A reality in urban development is that commercial areas do grow and often at the cost of residential neighbourhoods. The question which often confronts planners and municipal officials is when should commercial expansion be permitted to encroach residential areas. In this case, Council has made a conscious decision after considering public input that the appropriate time is now—a decision although not agreeable to a number of local residents, is clearly a policy decision to be made by the elected officials and should not be interfered with unless the decision violates these well-established principles. In this case, the Commission finds that Council complied with these principles.

The Commission heard evidence by Kerr Scott and Mayor Richard Collins that the Town has recently initiated a process to develop an official plan for the Town. As the plan develops, the Commission anticipates that Council will address the future of Kennedy Street and its role as a residential or commercial area. Area residents must be aware of the changing role of the lots fronting on Kennedy Street and that pressures associated with commercial development will continue. The reality is that with the increased development of commercial land, residents will continue to find their residential neighbourhood unstable until a comprehensive land use policy is adopted by the Town.

In the result, the Commission disallows the appeal.

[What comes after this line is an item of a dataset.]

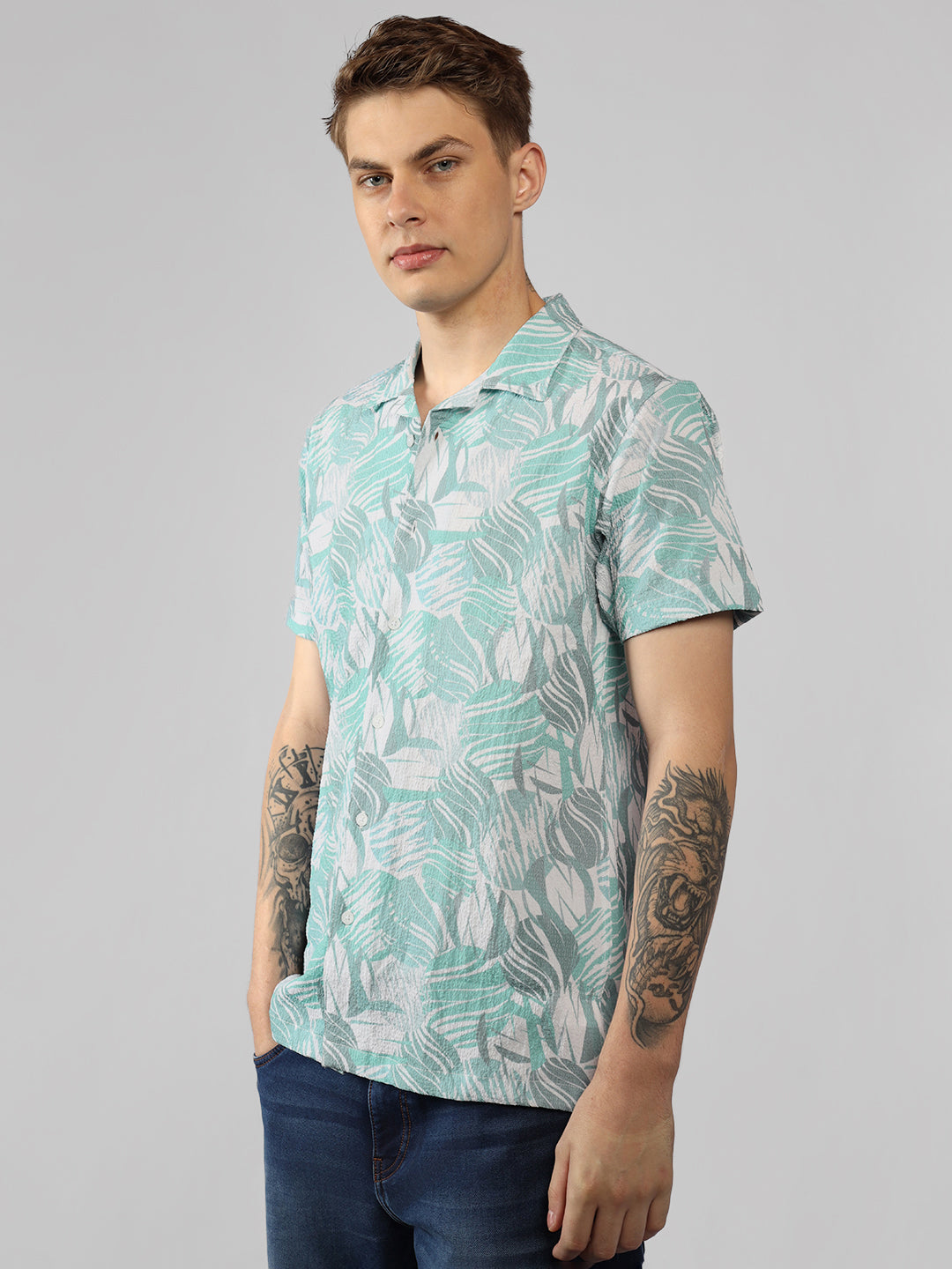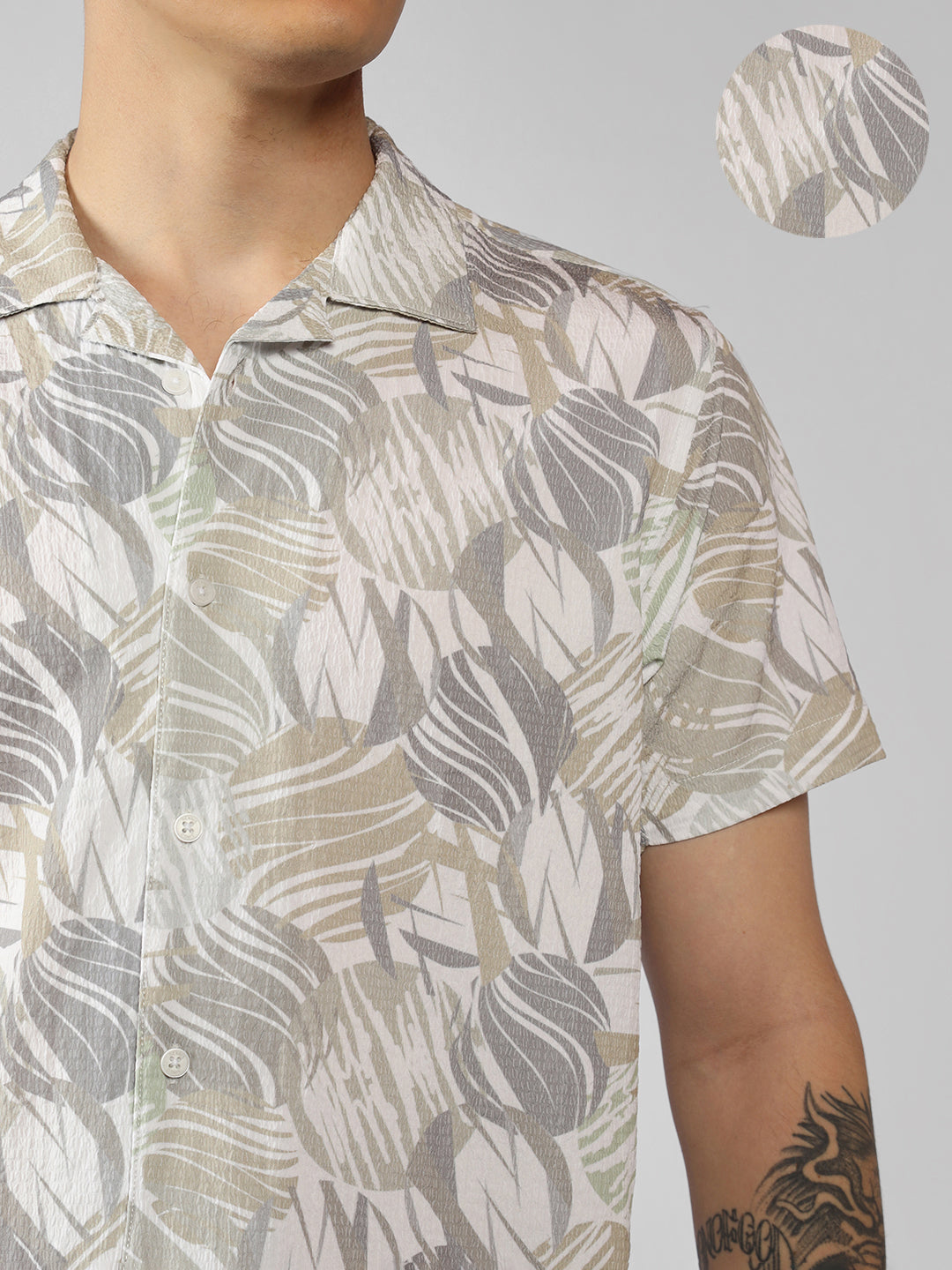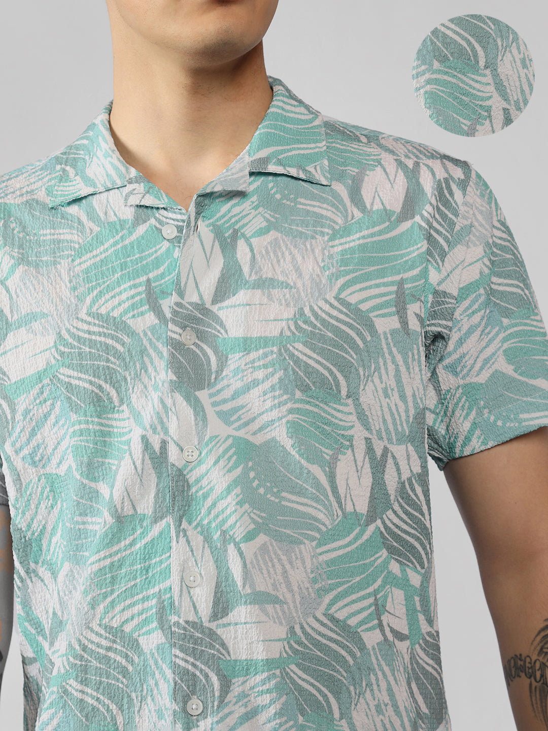 Men Printed Cuban Collar Short Sleeves Relaxed Fit Shirt
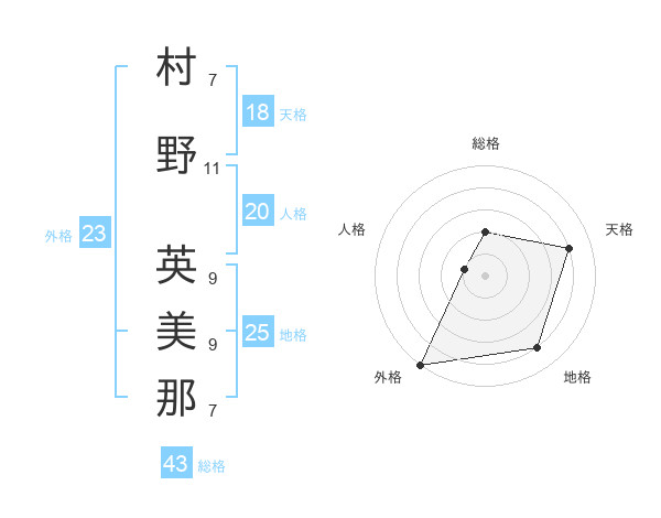 村野 英美那さんの外格は23画の5点!

IN THE MATTER of the Planning Act, R.S.P.E.I. 1988 Cap. P-8;

and

IN THE MATTER of an appeal to The Island Regulatory and Appeals Commission (the Commission), under Section 28 of the Planning Act, by David S. Peardon on behalf of certain residents and landowners (the Appellants) of Montague, against a decision of the Montague Town Council to rezone from Residential (R1) to Commercial (C1), 212 Kennedy Street (Provincial Property Number 197954) located in Montague, P.E.I. 

Order

WHEREAS David S. Peardon on behalf of certain residents and landowners (the Appellants) appealed to The Island Regulatory and Appeals Commission (the Commission), in written notice dated March 9, 1994, against a decision of the Montague Town Council;

AND WHEREAS the Commission heard the appeal at a public hearing conducted in Montague, P.E.I., on Wednesday, April 20, 1994, after due public notice;

AND WHEREAS the Commission has made a decision in accordance with the stated reasons;

NOW THEREFORE, pursuant to the Planning Act;

IT IS ORDERED THAT the appeal is hereby denied.

DATED at Charlottetown, Prince Edward Island this 13th day of June, 1994.

BY THE COMMISSION:

John L. Blakney, Vice-Chair

Myrtle Jenkins-Smith, Commissioner

James Nicholson, Commissioner


1    Island Regulatory and Appeals Commission Order LA93-10, September 15, 1993.

2    Rogers, Canadian Law of Planning and Zoning, 1993, p.210.3. 3    Ibid., p.210.4.